The three satellites will fly in orbit without human intervention and can receive signals from Earth, process them, and as a result detect the exact location the signals originated from, capabilities that can be used to help search and rescue operations, conduct remote sensing, and carry out environmental monitoring missions.

The receiver for the ADELIS-SAMSON project was developed and built by ELTA Systems, a division of IAI. It is designed to pick up and identify records from Earth and integrate them with three mission computers developed by IAI’s MABAT Division. The miniature system extends the scope of the missions the nano-satellites can perform.

“The new development will help promote a new field of space research,” said Nimrod Sheffer, CEO of IAI. “Collaboration with the Technion and other academic institutions is invaluable to us, as it promotes academic research and our future technological ventures. The receiver developed for this project offers a new way for space geo-location of ground-based electromagnetic signals.
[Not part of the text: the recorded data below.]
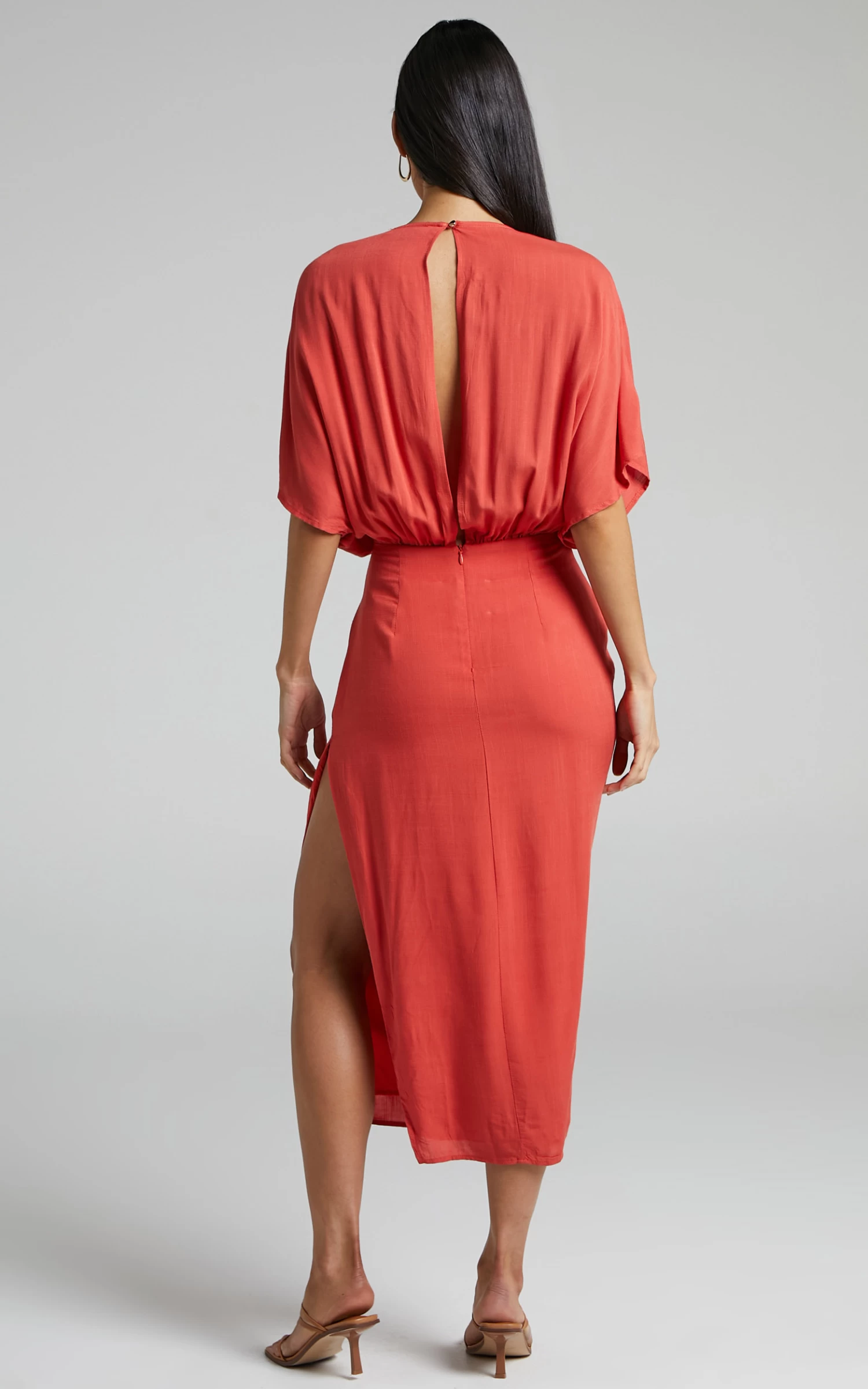 You + our Sunshine Dress + a cocktail in hand = a major summer vibe! This gorgeous midi features a plunge neckline with short angel sleeves and straight fitted skirt with a thigh high side split. It’s flirty with a touch of classy, and perfect for a day date. Team it with heeled sandals, hoops and throw your hair up in a slick back bun for a polished finish!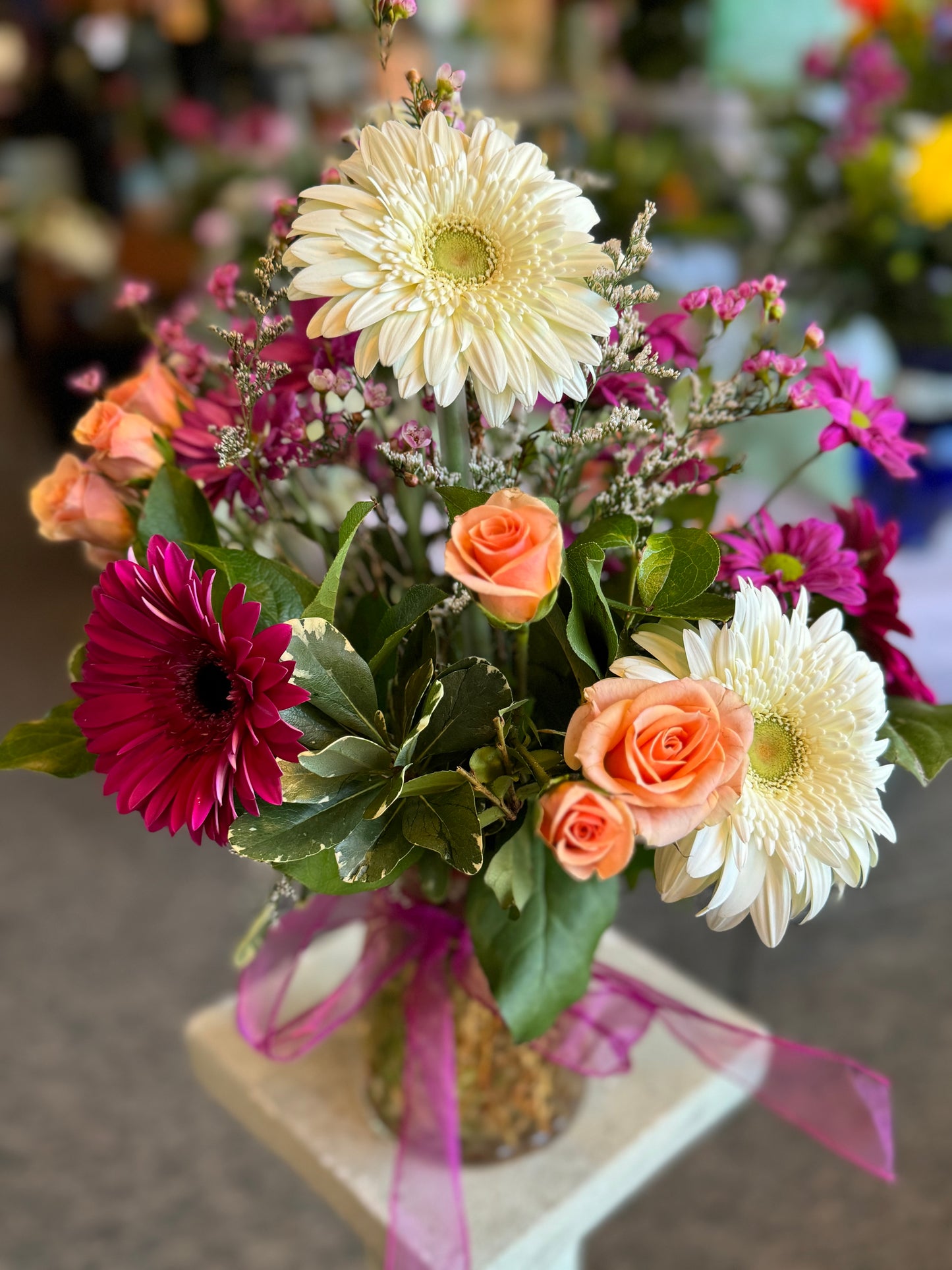 Ricos colores primaverales con verdes en un elegante jarrón pequeño.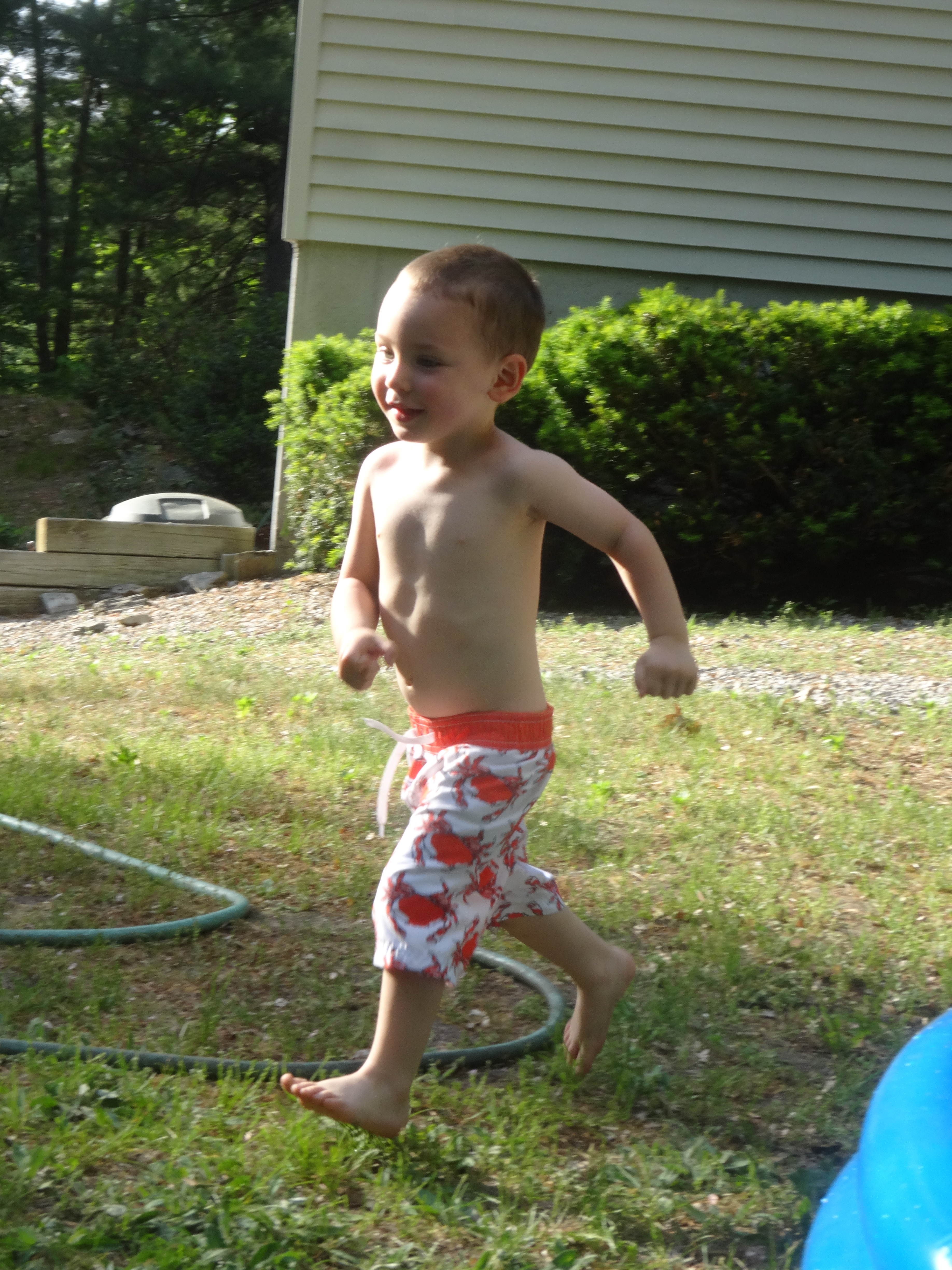 Running Around the Yard In His Swimsuit.JPG
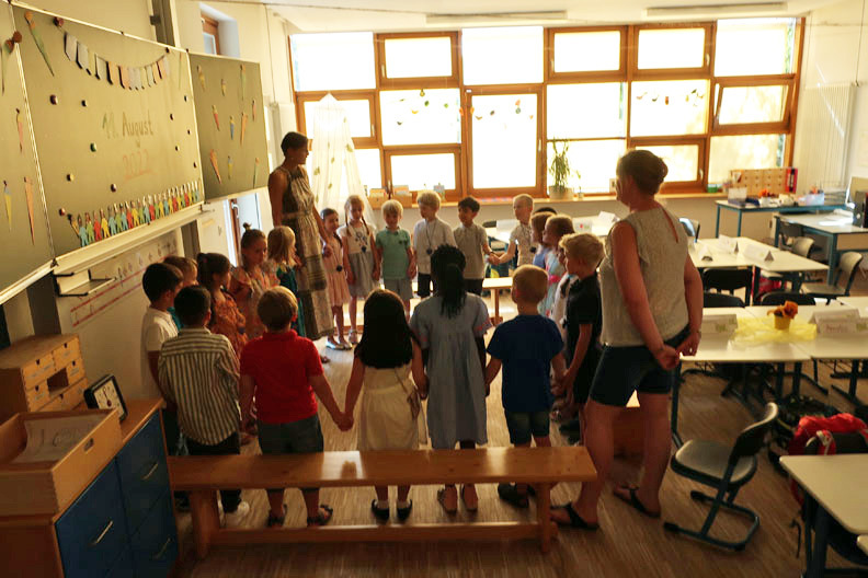 Die erste Schulstunde endet in der 1 Zim mit einem Abschiedslied ...

It is based on IAI’s extensive engineering know-how and experience in satellites, electronic warfare, intelligence interpretation systems, and communication networks.”

The ADELIS-SAMSON project was led by Professor Pini Gurfil, head of the Asher Space Research Institute and a faculty member in Technion’s Aerospace Engineering. He worked alongside Avner Kaidar, Eviatar Edlerman, Dr. Alex Frid, and Hovik Agalarian.

“We worked closely with IAI engineers on this development for more than five years,” said Prof. Gurfil in a statement. “The project showcases the benefits of academy-industry collaboration, which yielded an outstanding result in the form of an innovative space-borne system. We thank IAI engineers for their professionalism and commitment. The system we co-developed places ADELIS-SAMSON at the forefront of nano-satellite technology.”

The project is supported by the ADELIS Foundation, the Goldstein Foundation, and Israel’s Space Agency.